The known history of the Central African Republic dates back to the 7th century AD.

Contents

  Early history

The Central African Republic is Known to have been settled from at least the 7th century on by overlapping empires, including the Kanem-Bornu, Ouaddai, Baguirmi, and Dafour groups based on the Lake Chad region and along the Upper Nile. Later, various sultanates claimed present-day CAR, using the entire Oubangui region as a source of slave, from which slaves were traded north across the Sahara Desert. Population migration in the 18th and 19th centuries brought new migrants into the area, including the Zande, Banda, and Baya-Mandjia.

  French colony 1894-1940

In 1875 the Sudanese sultan Rabih az-Zubayr governed Upper-Oubangui, which included present-day CAR. Europeans, primarily the French, German, and Belgians, arrived in the area in 1885. The French consolidated their legal claim to the area through an 1887 convention with Congo Free State, which granted France possession of the right bank of the Oubangui River. Two years later, the French established an outpost at Bangui, and in 1894, Oubangui-Chari became a French territory. However, the French did not consolidate their control over the area until 1903, after having defeated the forces of Rabih in the battle of Kousséri, and established colonial administration throughout the territory. In 1906, the Oubangui-Chari territory was united with the Chad colony; in 1910, it became one of the four territories of the Federation of French Equatorial Africa (AEF), along with Chad, Middle Congo, and Gabon. The next thirty years were marked by small scale revolts against French rule and the development of a plantation-style economy.

  Decolonisation 1940-1960

In August 1940, the territory responded, with the rest of the AEF, to the call from General Charles de Gaulle to fight for Free France. After World War II, the French Constitution of 1946 inaugurated the first of a series of reforms that led eventually to complete independence for all French territories in western and equatorial Africa. In 1946, all AEF inhabitants were granted French citizenship and allowed to establish local assemblies. The assembly in CAR was led by Barthélemy Boganda, a Catholic priest who also was known for his forthright statements in the French Assembly on the need for African emancipation. In 1956 French legislation eliminated certain voting inequalities and provided for the creation of some organs of self-government in each territory.

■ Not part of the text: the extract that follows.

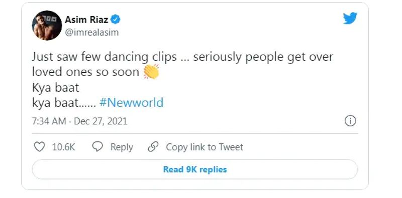 असीम रियाज ने लिखा- लोग जल्दी अपने लोगों को भूल कर आगे बढ़ जाते हैं, क्या बात… क्या बात… नई दुनिया… आसिम रियाज के इस ट्वीट से सिडनाज के फैंस के साथ-साथ टीवी इंडस्ट्री के एक्टर भी नाराज नजर आ रहे हैं। फैन सोशल मीडिया पर SHAME ON ASIM RIAZ और शहनाज की मर्जी हैशटैग यूज कर आसिम को ही ट्रोल कर रहे हैं।

The French constitutional referendum of September 1958 dissolved the AEF, and on 1 December of the same year the Assembly declared the birth of the autonomous Central African Republic with Boganda as head of government. Boganda ruled until his death in a plane crash on 29 March 1959. His cousin, David Dacko, replaced him as head of Government. On 12 July 1960 France agreed to the Central African Republic becoming fully independent [1]. On 13 August 1960 the Central African Republic became an independent country and David Dacko became its first President.

  Bokassa coup

On 1 January 1966, following a swift and almost bloodless coup, Colonel Jean-Bédel Bokassa assumed power as president of the Republic. Bokassa abolished the constitution of 1959, dissolved the National Assembly, and issued a decree that placed all legislative and executive powers in the hands of the president. On 4 December 1976, the republic became a monarchy—the Central African Empire -- with the promulgation of the imperial constitution and the proclamation of the president as Emperor Bokassa I. His regime was characterized by numerous human rights atrocities.

  Dacko counter-coup

On 20 September 1979, Dacko, with French support, led a bloodless coup that overthrew Bokassa while he was out of the country. The republic was restored, and Bokassa, who took refuge in Côte d'Ivoire and France, was sentenced to death in absentia for various crimes, including cannibalism. Moreover, an African judicial commission reported that he had "almost certainly" taken part in the massacre of some 100 children for refusing to wear the compulsory school uniforms. In January 1981, six of his supporters, including two sons-in-law, were executed.

Bokassa made an unexpected return in October 1986 and was retried. On 12 June 1987, he was convicted of having ordered the murders of at least 20 prisoners and the arrest of the schoolchildren who were murdered. He was sentenced to death, but this was commuted to a life term in February 1988. He was released from prison on 1 September 1993, as a result of an amnesty. He died of a heart attack in Bangui on 3 November 1996 at age 75.

  Kolingba coup

Dacko's efforts to promote economic and political reforms proved ineffectual, and on 20 September 1981, he in turn was overthrown in a bloodless coup by General André Kolingba. For four years, Kolingba led the country as head of the Military Committee for National Recovery (CRMN).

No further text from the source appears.